I haven't the slightest idea what your problem with the extended archery is, but for the SLC unit specifically, it is the only way deer can be legally harvested. It is either archery or no hunting thanks to the PETA yuppies and outdoor resorts that plague the area. Are you saying you would rather strip opportunity from fellow hunters because you feel slighted, since they hunt with a different weapon choice than yours and have a longer season to do so? If that is the case, you can consider yourself a supporter of the problems more than any the solutions...

The last thing we need to worry about is elk numbers. For someone who is concerned about/support mule deer, you worrying about boosting the elk population contradicts that notion (on most units anyways). Most all the units with high cow tags available are either at or above objective (in a few, way above objective); the others have a historical need for depredation. Spike hunts are doing nothing more than reducing options to LE hunters when the bulls come of age. Plenty of spikes survive to more than support LE tag allocations. There can only be so many elk on a unit, if we try to keep every bull alive solely for LE opportunity, more cows will have to be killed to bring the herds to objective, further skewing the bull:cow ratio and increasing the odds the population will crash. And for what, potentially a few more inches and a handful of tags for a select few fortunate souls. Yet, thousands of hunters will lose out on one of the last remaining over-the-counter options for a family hunt. Great idea 1eye. 

Lastly, we haven't even had more than 1 season to measure the results from option 2, yet you attribute recent successes in deer management/populations with option 2? It couldn't have anything to do with years of habitat work, milder winters, or the boom/bust cycles of Mother Nature... Nope, the increase has to do with hunter management and the loss of thousands of tags (yet higher success % and almost the same # bucks harvested), all of which happened in the short span of less than a year, AMAZING! I mean, just look at all the LE units that have been managed this way for 10-20 years, they are just overflowing with deer and almost double their objective, right? :-?


----------



## #1DEER 1-I (Sep 10, 2007)

I understand everyone's outcry over loosing more opportunity than we already have.

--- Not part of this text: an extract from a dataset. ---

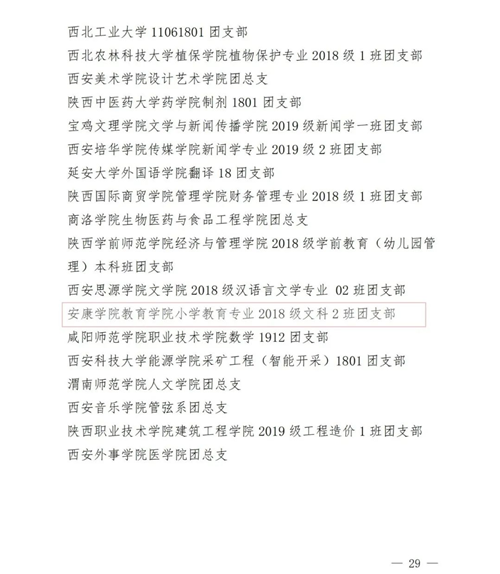 2020-2021 年度“陜西省五四紅旗 團(tuán)支部”名單

With the amount of hunters and the with how deadly the weapons we use are, you can't say that tag numbers can forever stay the same and continue letting permit numbers go up. Hunting is a very effective management tool, I don't think any elk herd is going to outgrow what we can manage or manage back down with the types of rifles, bows, and muzzleloaders we have now. They are all much more precise and deadly then ever before, management through hunting can obviously be done. Obviously I will bring up the Monroe unit. They have there backlash reasoning behind it that the cows on the Monroe are wintering on the Dutton, then kill them on the Dutton during a late hunt when they would have reached there winter range (Dec.1-31) don't open the Monroe up to archery cow, and release 250 cow tags on the Monroe when it is 400 under objective as a population, under objective on the amount of bulls, under objective for the age of bulls, and yet they consider it good that a the Monroe a unit half the size of Fishlake with 1/4 the amount of elk because of easy access and the size of the unit had 165 spikes taken off it last year, while Fishlake had 151. Certain units can't handle over the long haul spike hunting the way it is now.

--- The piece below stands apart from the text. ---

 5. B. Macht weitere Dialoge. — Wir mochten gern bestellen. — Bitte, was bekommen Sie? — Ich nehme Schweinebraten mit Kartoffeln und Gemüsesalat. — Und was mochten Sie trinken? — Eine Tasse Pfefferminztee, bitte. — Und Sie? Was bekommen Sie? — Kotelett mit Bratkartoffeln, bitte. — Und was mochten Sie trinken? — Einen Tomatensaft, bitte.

I'm not saying option 2 is the success we are having with the deer population, I said I think there heading in the right direction and it will create better bucks on many units. I didn't say it is currently why the deer herd is doing slightly better right now.


----------



## elkfromabove (Apr 20, 2008)

I won't speak for rifles and muzzys, but records/reports show that for all the advances in archery equipment, there is no significant increase in the deer success rates since at least 1962, 4 years before compounds were even invented! There were obviously some differences to consider for both archery and rifle (there were no seperate muzzy hunts then), either sex hunts, statewide hunts, higher population and many antlerless hunts, that might increase success back then, but there were also factors that would also reduce success (shorter seasons, no long extended hunts, stick bows, fixed blade broadheads).

In fact, the 11 year average from 1952 to 1962 (18.5%) is actually higher than the 2011 success rate (16.4%) which is the latest report I have. Archery hunting is still challenging for the same reasons it's always been. You have to get close without being detected!

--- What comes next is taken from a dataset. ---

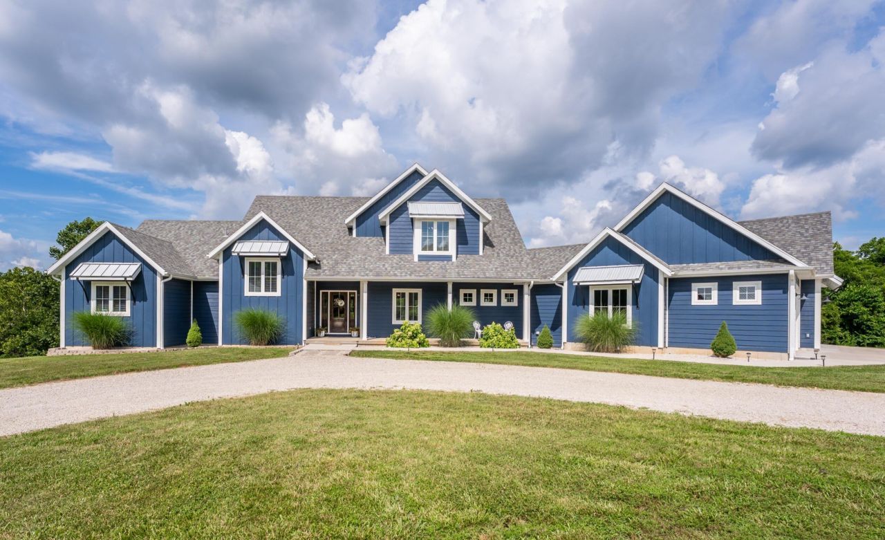PRICE ENHANCEMENT! Once in a lifetime opportunity to own this Stunning 8.5 Acre ± Modern Farmhouse Estate. This unrestricted, secluded, scenic, and usable land just 1.5 miles from Bull Shoals Lake and 10 minutes to Lake Taneycomo. NO HOA's! This property offers a mix of open pasture, valley views, wet-weather creek, and abundant wildlife. Partially fenced, bring your horses, or a little livestock, great recreation property.The custom-built Modern Farmhouse-style home features 4 beds, 3.5 baths, and premium finishes throughout. Highlights include multi-width ¾'' hickory flooring, reclaimed hand-hewn oak beam accents, vaulted and shiplap ceilings, quartz countertops, and a wood-burning fireplace with blower. Chef's kitchen with custom cabinetry, induction cooktop, and professional-grade appliances. Spacious master suite with custom tile shower, soaker tub, and dual vanities.Additional features:* Public water, private septic, fiberoptic internet* Remote security gate with touchpad* Walk-in pantry & laundry room* Above-ground pool with grilling porch and walkout basement* 2 HVAC systems (one dual fuel w/ propane backup)* 2 concrete storm shelters with steel doors* Wet bar, jack & jill bath upstairs, large basement storage room* 3-car garage with attic storage* Raised garden beds, fruit trees, thornless blackberries* 2 frost-resistant hydrants**36' x 54' shop building includes:*** 2 oversized parking bays* Attached 12'x36' parking pad* Apartment with full kitchen, bathroom, washer/dryer, and mini-split HVAC* Fire-rated sheetrock between apartment and shop* Covered porchJust 25 minutes to Branson. Suitable for horses, cattle, or future development. Shown by appointment only to pre-qualified buyers. All Measurements Are Approx. All information is deemed to be reliable, but Buyer and Buyers Agent please do own Due Diligence on Rules and Regulations and other matters. Listing acerage has been changed from prior offering to n

Hunting is indeed a very effective management tool, but the type of hunt we espouse, per our mindset, depends on whether we're after a bigger population or just after more big bucks and bulls. And the ironic thing about the differences in the types of hunts we keep debating about is that if we have hunts that increase the population, we'll end up having more big bucks and bulls. If the hunt will increase the population (or at least, not hurt the growth of the population) then that's the hunt we need in the long run. IMHO, of course!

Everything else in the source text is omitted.